Why I Can't Just Let it Go
*********I've been pretty crappy at keeping up with Around the Diamond, and to my loyal readers, I apologize. I'll try to work on that. ************
It's a beautiful thing having a blog where you can express your opinions, and not get in trouble for them. I'm getting ready to do just that, so if you want to judge me, feel free. I don't really care.
Like many of you, I cried when Salvador Perez made the final out to end the 2014 World Series. But when I drove myself to school, I was blinded by tears the whole way there. I struggled to compose myself as I walked in the building, and I guess I sort of did. I trudged up the stairs with my head down, not saying a word to any of my friends. As soon as I opened the door to my first hour classroom, and sat down I let loose. I sat sobbing for close to ten minutes with the entire class just giving me these relentless stares when suddenly a girl asked me from across the room, "It's just a game. Why can't you just let it go?"

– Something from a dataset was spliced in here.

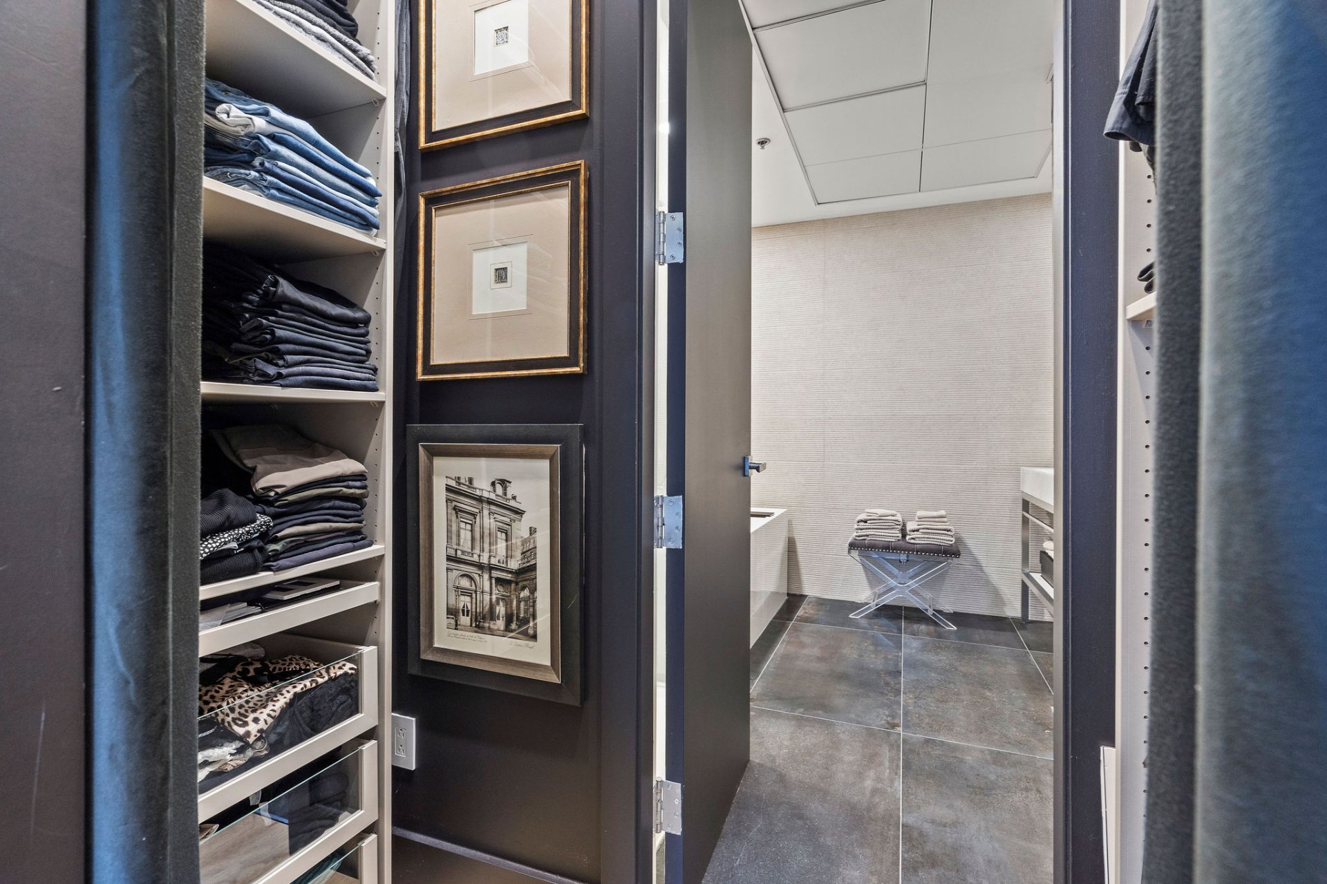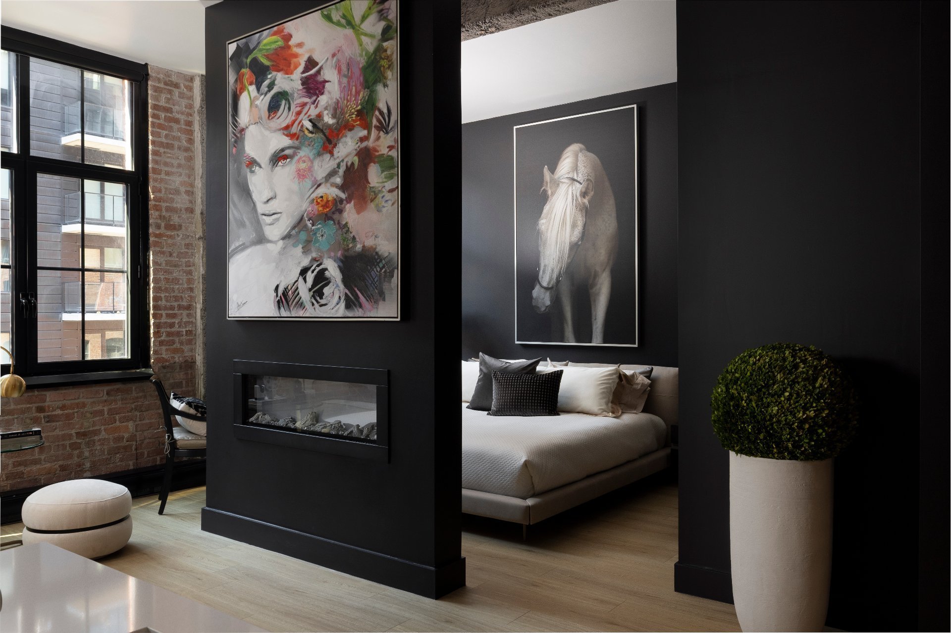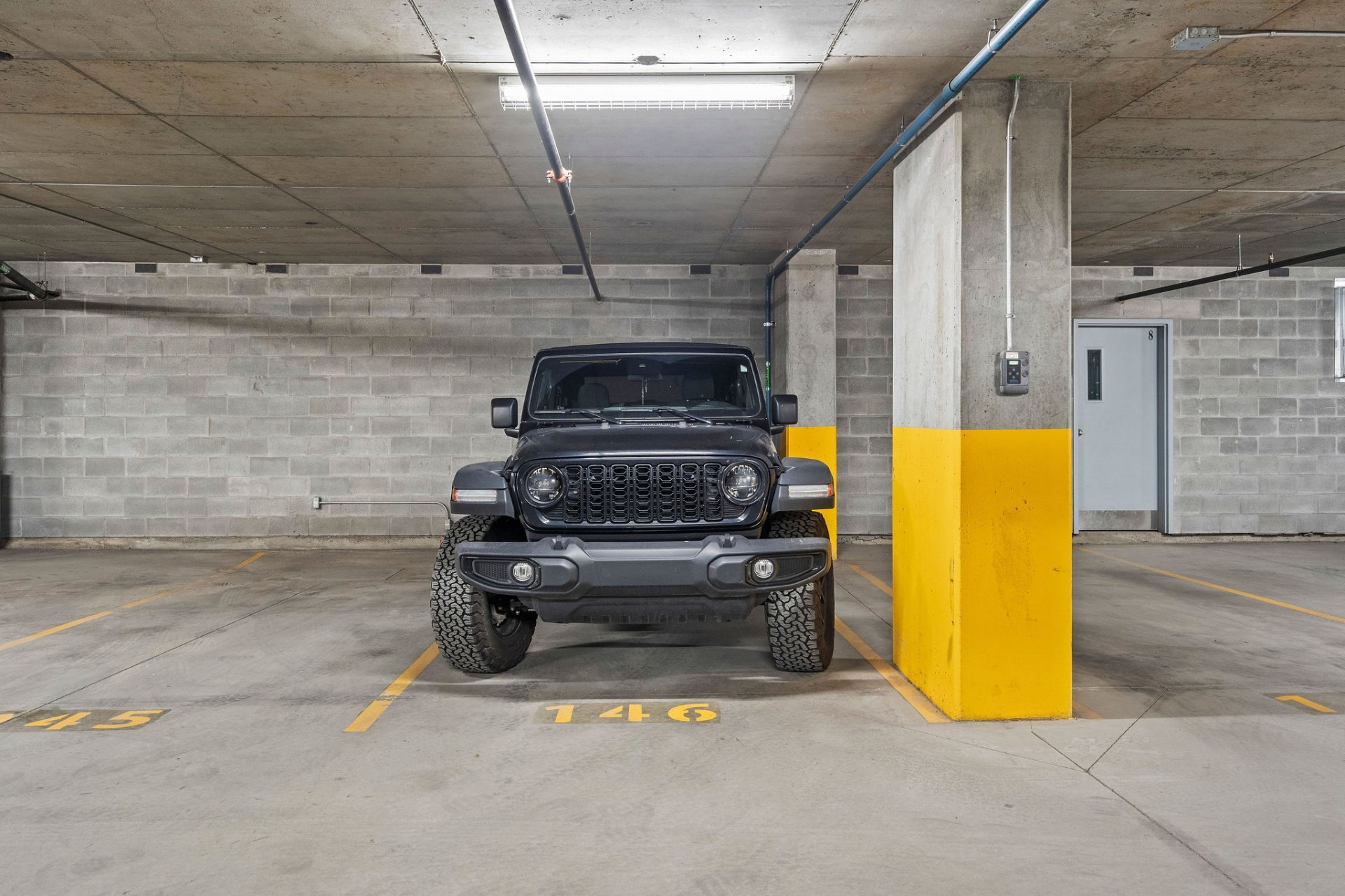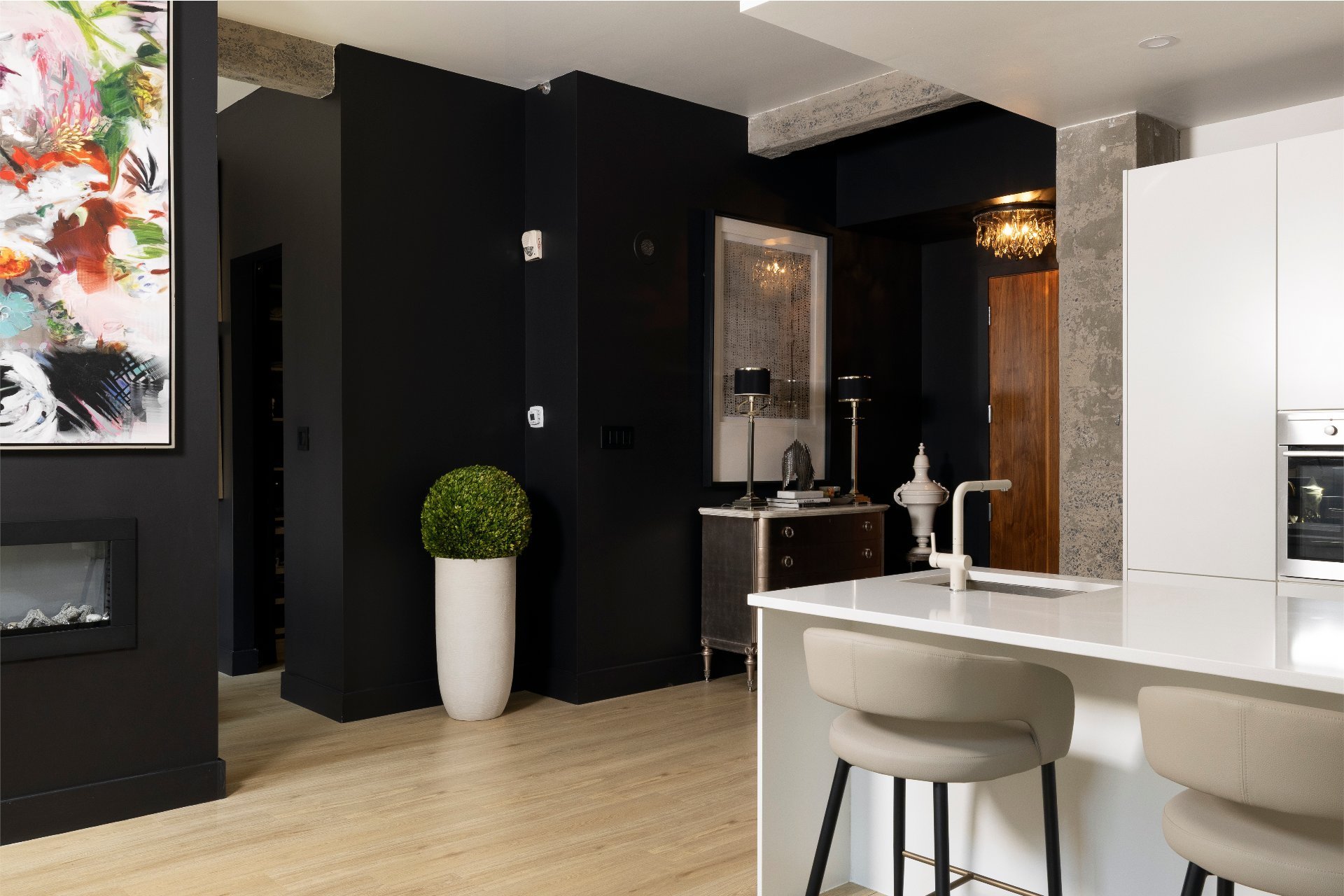 Dès l'entrée dans l'unité, l'alliance des matériaux nobles et industriels séduit instantanément : planchers de bois francs, poutres de béton apparentes et fenestration spectaculaire. La salle de bain se distingue par ses finitions luxueuses : douche à effet pluie, bain profond et planchers chauffants pour un confort absolu.

As those words came out of her mouth, I snapped my head up, and I walked out of that classroom and not a word came out of my mouth. To my surprise, nobody came chasing after me, and I didn't get in trouble by the teachers or any staff members. Maybe because they were going through the same thing I was going through, or maybe because they understood just how upset I really was.
Here's the reason I can't just "let it go" as they say:
The Royals have been a big part of my life for the better part of eight years, which is about half of my life. For six months each year, I would turn a blind eye to society and engross myself in this.... This thing that was the Kansas City Royals. It wasn't a pretty thing during the first part of my fandom. I sat through several 100+ loss seasons, and I often felt like giving up on baseball completely. It wasn’t until 2011 when I actually took baseball seriously, and it wasn’t until 2013 when I started following it religiously. The years prior, I would cheer for them, and tell myself that I was a Royals fan. I knew how baseball worked, and the basic concept of things, but sometimes I was completely lost. Nevertheless, I’ve been cheering for my boys ever since 2006.
I’ve had a rough past few years. It started when I lost my grandma to diabetic complications in December of 2012. Four months later, I suffered another loss when cancer decided to take my aunt’s life. She’d fought it for a while, but it eventually wore her out. The heartbreak didn’t stop. In April of 2013, I lost my best friend (and childhood pet), Missy. It took me a while to get over the losses of the people that I cared about. There were times that I would go to sleep wondering if I would lose somebody else close to me. Sometimes I find my mind wandering back to them. As a (then) fourteen-year old, my coping skills weren’t that great, but I learned. The way I got through that rough patch was with baseball.
During the day, I would attend school like any regular child. When I got home, I would find that my mind would start to wander, and when it wandered, it didn’t go to the happiest places. That’s when I discovered that baseball was a good way to get my mind off of things. I would come home, and my face would be stuck in the computer for hours just looking at stats. I had to learn what each one of them meant, and when I did, it was game on. At one point, my dad even told me that if I knew anything else about baseball that my head would explode. When the game started, it was like nothing else mattered. I would sit, and let my eyes soak in what I saw. This became a daily ritual for me. When there was an off day, I tried to do other things, but none of them satisfied me quite like baseball did. During the offseason, I would often find it hard to keep my spirits up. I would put the television on MLB Network, and try to sink my claws into any baseball I could find.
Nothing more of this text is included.